Based on a reduced model of a linear section of a steel gas pipeline between four supports and with a crack-like through defect, ANSYS FE software is used in this study to develop numerical approaches regarding three key parameters of a composite bandage in the form of a circular lining: the type of composite material and the length and thickness of the composite lining. The approach for assessing the static strength of a damaged section of a steel pipeline with a composite lining that is subjected to internal pressure allows for the determination of the optimal thickness of the composite lining itself, which is equal to the indicator “50.0% to 62.5%” of the pipe thickness. Furthermore, the approach for assessing the dynamic strength and analyzing the possible destruction of the reinforced damaged section of a pipeline experiencing an increase in internal pressure allows for the determination of the optimal length of the composite lining, which, in turn, should be at least 241.2 mm. This work also considers cases when there is no internal pressure and the steel pipeline is subjected to critical pressure. It is found that the frequency spectrum of pipeline oscillations without a composite lining is higher than that with a composite lining. The difference between the corresponding dynamic oscillations increases with the thickness or the length of the composite lining. In the absence of internal pressure, all frequencies of the steel pipeline with a crack closed by a composite lining are paired. This pairing is disrupted when the pipeline is subjected to critical internal pressure, and the difference between its oscillation frequency spectrum without and with a composite lining increases. In this case, the oscillation modes significantly differ from those of the same pipeline structure when unloaded. The results ensure the optimal stress distribution in the defect area of a steel pipeline wall and improve the reliability and safety of pipelines under seismic actions. The approach for increasing dynamic strength and eliminating defects can be applied to pipelines with a large diameter regardless of the causes and geometric dimensions of the defects. Moreover, this approach to increasing the strength can be used by various industries and/or institutes which work on the design of new, earthquake-resistant, reinforced pipelines.

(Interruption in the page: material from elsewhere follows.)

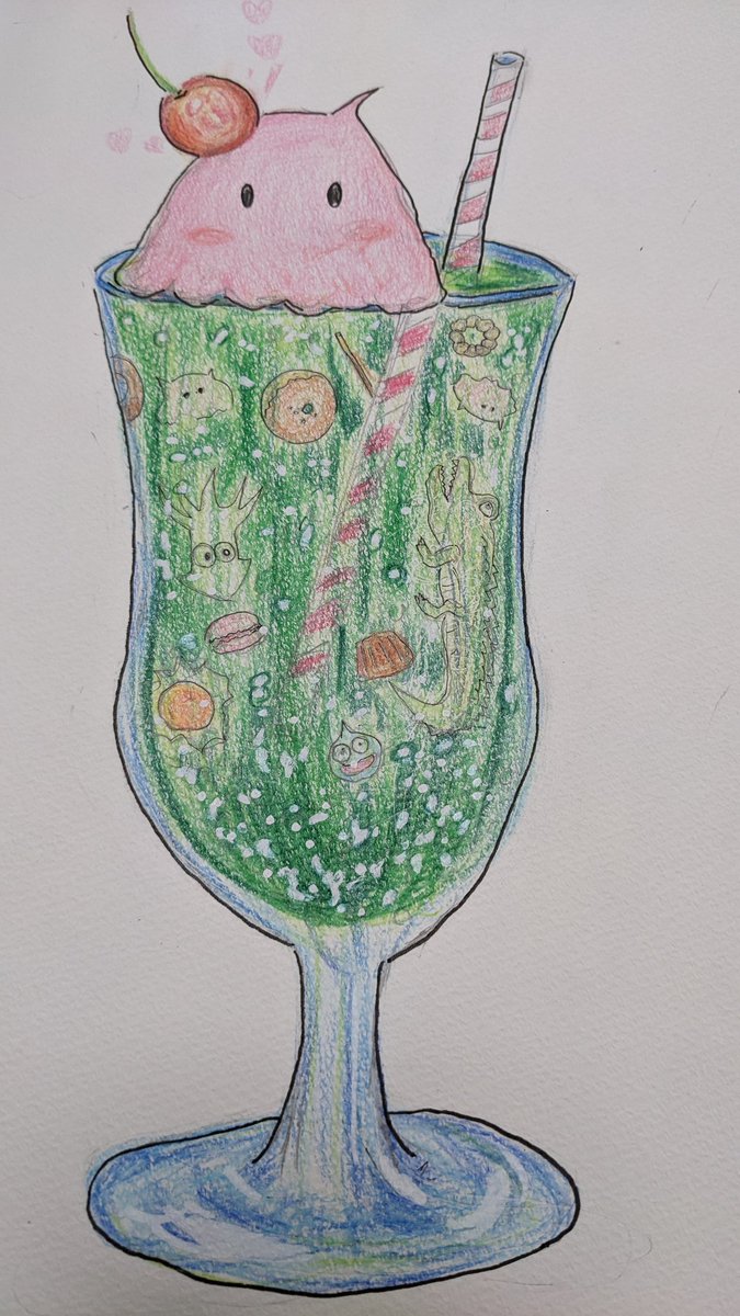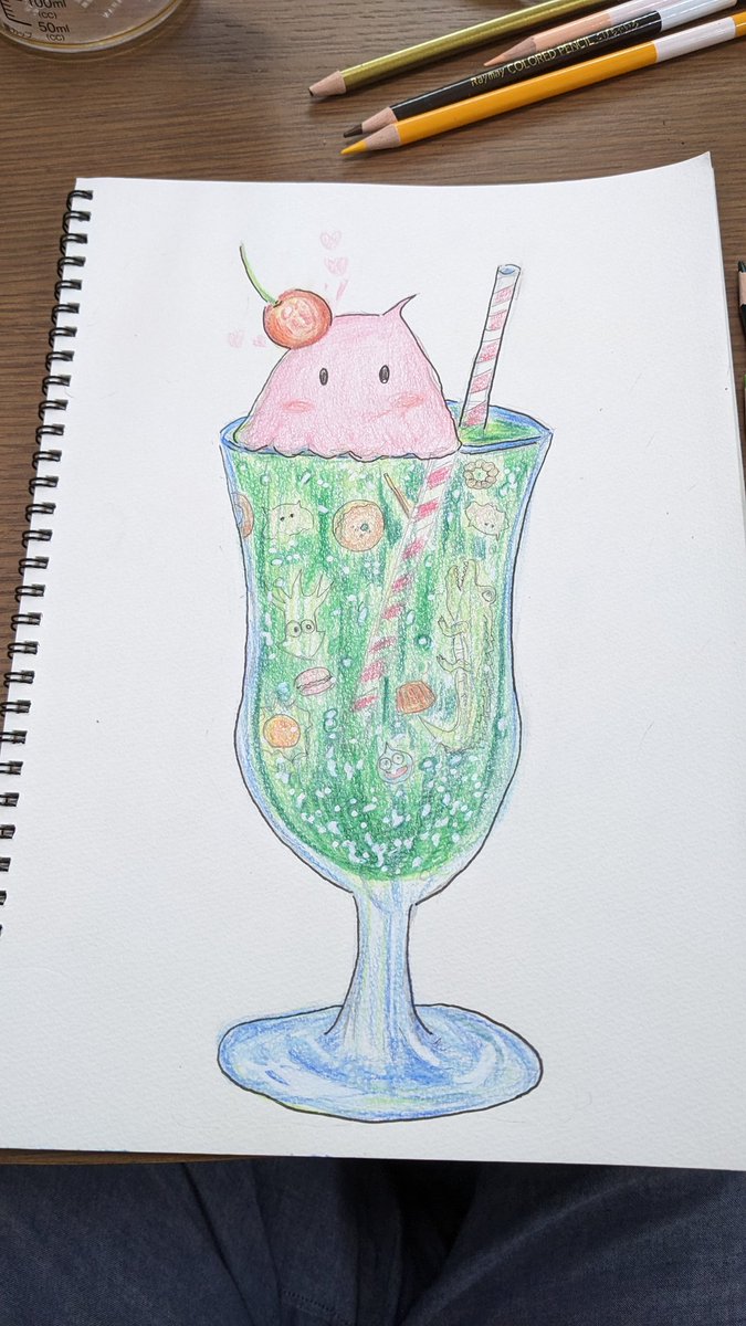今日は暑くなりそうですね〜 クリームソーダのイラストを再掲載します。少しでも涼しくなってもらえたら幸いです。 #イラスト #イラスト好きと繋がりたい #絵描きさんと繋がりたい #色鉛筆 #アナログ画 #クリームソーダ

This article presents one part of a study on the dynamic deformation and fracture of sections of steel gas pipelines with an external crack-like defect under the action of internal pressure. This work was performed on the basis of finite-element simulations using a cylindrical shell model executed by ANSYS-19.2 on the example of the section of the steel gas pipeline “Beineu–Bozoy–Shymkent” in the Republic of Kazakhstan. The propagation of the incipient crack-like defect along the pipeline and the resulting dynamic fracture in its tip area were investigated. The options of pipeline loading by working and critical internal pressure were both considered. It was found that, within the time of 1.0 ms, the formed crack expanded in the circumferential direction up to the maximum value, which depended on the value of the internal pressure. A further growth of cracks occurred along the longitudinal direction. At the operating pressure, the initial length of the crack increased by a factor of 5.6, while the equivalent stresses increased by a factor of 1.53 within 3.5 ms. Within the time of 3.75 ms, the equivalent stresses stopped growing due to the gas decompression. Specifically, there was a stop to the crack growth along the longitudinal direction. Vice versa, at the maximum pressure, the pipeline fracture did not change qualitatively, while at the time of the process, it decreased up to 3.5 ms. The finite-element results of the stress–strain state and pipeline fracture in the crack tip area at the working pressure showed that, within the time of 1.0 ms, the distance between the crack walls reached 23 mm at the free edge. Conversely, within the time periods of 2.25 and 3.5 ms, it increased two and three times, respectively. The crack elongation in the longitudinal direction occurred 5.8 times with time. Together, within the time of 3.5 ms, the equivalent stresses increased twice, after which the growth of the crack stopped due to the gas decompression. Moreover, studies on the growth of the crack-like defect in its tip area at the maximum pressure showed that additional considerations on the pressure on the crack edges led to an increment of 3.6% of the crack length. The results of this work can be used for the development of measurements for operating gas pipelines in the field of structural reinforcement.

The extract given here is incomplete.